Diff for /loncom/lond between versions 1.408 and 1.409

version 1.408, 2008/09/06 00:47:13 version 1.409, 2008/10/07 10:08:06
Line 7118  linux Line 7118  linux
 Server/Process  Server/Process
   
 =cut  =cut
   
   
   =pod
   
   =head1 LOG MESSAGES
   
   The messages below can be emitted in the lond log.  This log is located
   in ~httpd/perl/logs/lond.log  Many log messages have HTML encapsulation
   to provide coloring if examined from inside a web page. Some do not.
   Where color is used, the colors are; Red for sometihhng to get excited
   about and to follow up on. Yellow for something to keep an eye on to
   be sure it does not get worse, Green,and Blue for informational items.
   
   In the discussions below, sometimes reference is made to ~httpd
   when describing file locations.  There isn't really an httpd 
   user, however there is an httpd directory that gets installed in the
   place that user home directories go.  On linux, this is usually
   (always?) /home/httpd.
   
   
   Some messages are colorless.  These are usually (not always)
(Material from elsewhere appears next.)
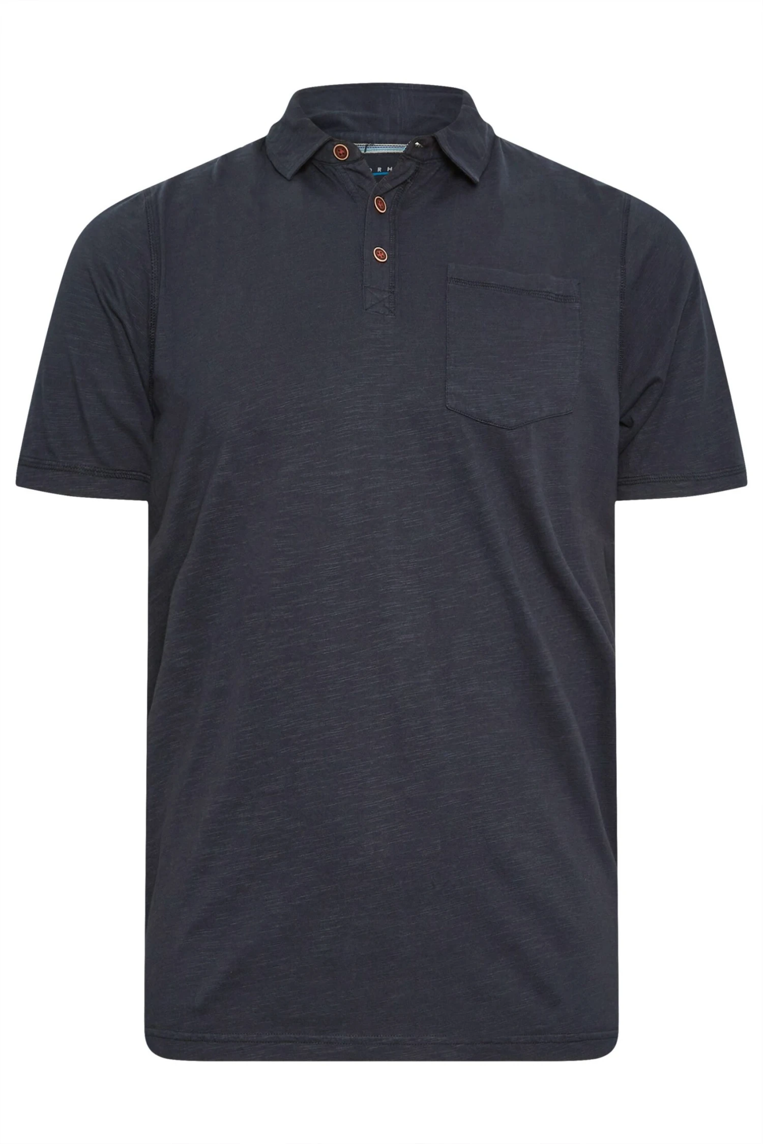 BadRhino Big & Tall Navy Blue Slub Short Sleeve Polo Shirt

   Green/Blue color level messages.
   
   =over 2
   
   =item (Red)  LocalConnection rejecting non local: <ip> ne 127.0.0.1
   
   A local connection negotiation was attempted by
   a host whose IP address was not 127.0.0.1.
   The socket is closed and the child will exit.
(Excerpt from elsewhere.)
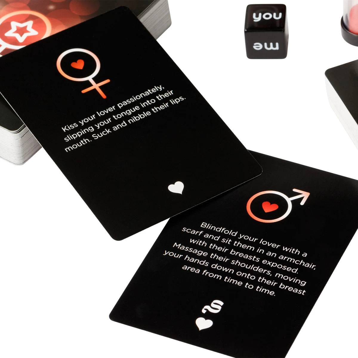 Het spel bevat: 90 kaarten (gesplitst in “his” en “hers”), een zandloper en een dobbelsteen met daarop “me”, “you” of “vraagteken”. De dobbelstenen bepalen welke kaart wordt getrokken en wie de instructies van de kaart geeft of ontvangt.

   lond has three ways to establish an encyrption
   key with a client:
   
   =over 2
   
   =item local 
   
   The key is written and read from a file.
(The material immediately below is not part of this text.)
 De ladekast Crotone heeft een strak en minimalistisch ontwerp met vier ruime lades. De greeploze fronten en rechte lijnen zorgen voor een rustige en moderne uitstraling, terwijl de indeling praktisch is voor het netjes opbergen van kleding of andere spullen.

   This is only valid for connections from localhost.
   
   =item insecure 
   
   The key is generated by the server and
   transmitted to the client.
   
   =item  ssl (secure)
   
   An ssl connection is negotiated with the client,
   the key is generated by the server and sent to the 
   client across this ssl connection before the
   ssl connectionis terminated and clear text
   transmission resumes.
   
   =back
   
   =item (Red) LocalConnection: caller is insane! init = <init> and type = <type>
   
   The client is local but has not sent an initialization
   string that is the literal "init:local"  The connection
   is closed and the child exits.
   
   =item Red CRITICAL Can't get key file <error>        
   
   SSL key negotiation is being attempted but the call to
   lonssl::KeyFile  failed.  This usually means that the
   configuration file is not correctly defining or protecting
   the directories/files lonCertificateDirectory or
   lonnetPrivateKey
   <error> is a string that describes the reason that
   the key file could not be located.
   
   =item (Red) CRITICAL  Can't get certificates <error>  
   
   SSL key negotiation failed because we were not able to retrives our certificate
   or the CA's certificate in the call to lonssl::CertificateFile
   <error> is the textual reason this failed.  Usual reasons:
   
   =over 2
          
   =item Apache config file for loncapa  incorrect:
    
   one of the variables 
   lonCertificateDirectory, lonnetCertificateAuthority, or lonnetCertificate
   undefined or incorrect
   
   =item Permission error:
   
   The directory pointed to by lonCertificateDirectory is not readable by lond
   
   =item Permission error:
   
   Files in the directory pointed to by lonCertificateDirectory are not readable by lond.
   
   =item Installation error:                         
   
   Either the certificate authority file or the certificate have not
   been installed in lonCertificateDirectory.
   
   =item (Red) CRITICAL SSL Socket promotion failed:  <err> 
   
   The promotion of the connection from plaintext to SSL failed
   <err> is the reason for the failure.  There are two
   system calls involved in the promotion (one of which failed), 
   a dup to produce
   a second fd on the raw socket over which the encrypted data
   will flow and IO::SOcket::SSL->new_from_fd which creates
   the SSL connection on the duped fd.
   
   =item (Blue)   WARNING client did not respond to challenge 
   
   This occurs on an insecure (non SSL) connection negotiation request.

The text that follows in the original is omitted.